◆ **INFORMATION SHOWN**:

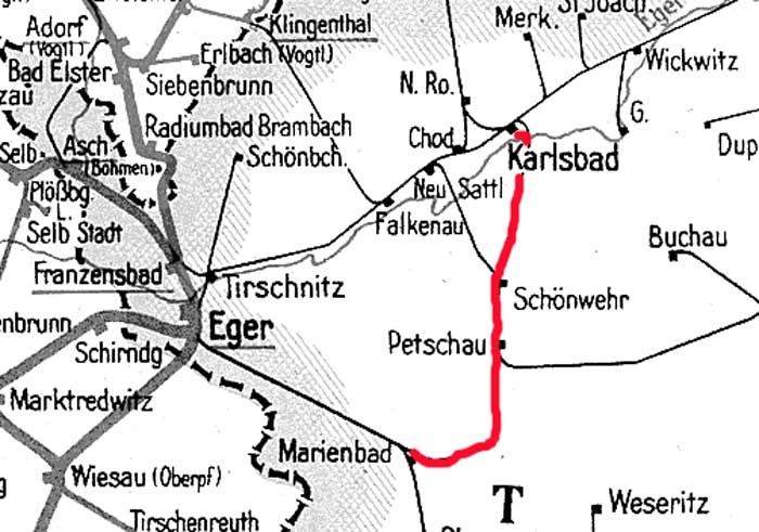 Marienbad Hbf (Mariánské Lázně) 0,0 - Petschau (Bečov nad Teplou) 33,218 - Schönwehr (Krásný Jez) 37,646 - Karlsbad unt Bf (Karlovy Vary dolní nádraží) 53,273
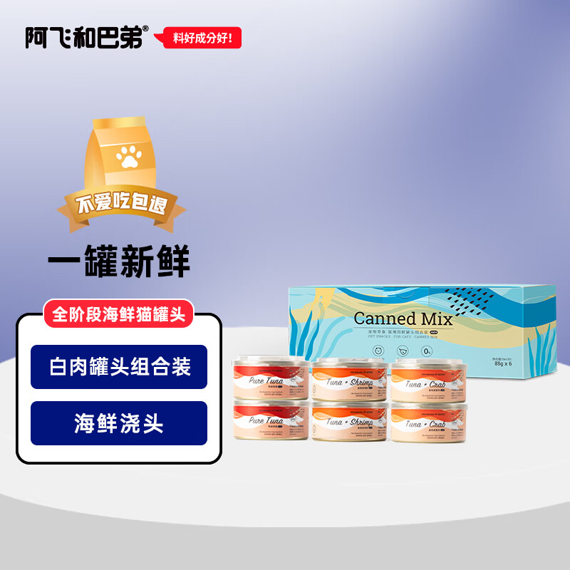 阿飞和巴弟 宠物猫粮猫湿粮猫罐头海鲜罐头白肉罐 85g*6罐组合装猫咪零食鱼罐头成猫幼猫猫粮
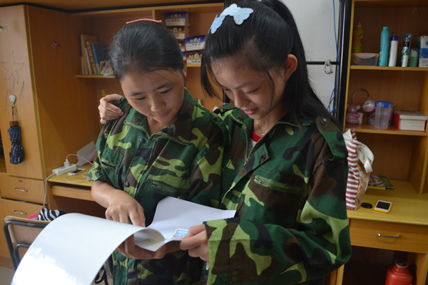 为让新生在军训中锻炼意志品质的同时留下属于自己的青春专属记忆,并作为一份纪念终生保留,湖州师范学院给每位学生发放了军训日记本。图为九月十二日午休期间,学生在宿舍互相传阅彼此的军训心得。

◆ **INSTRUCTIONS TO FOLLOW**:
Copy out the material above in full and exactly; its pictures are not to appear.

◆ **WRITTEN ANSWER**:
 Marienbad Hbf (Mariánské Lázně) 0,0 - Petschau (Bečov nad Teplou) 33,218 - Schönwehr (Krásný Jez) 37,646 - Karlsbad unt Bf (Karlovy Vary dolní nádraží) 53,273
 阿飞和巴弟 宠物猫粮猫湿粮猫罐头海鲜罐头白肉罐 85g*6罐组合装猫咪零食鱼罐头成猫幼猫猫粮
 为让新生在军训中锻炼意志品质的同时留下属于自己的青春专属记忆,并作为一份纪念终生保留,湖州师范学院给每位学生发放了军训日记本。图为九月十二日午休期间,学生在宿舍互相传阅彼此的军训心得。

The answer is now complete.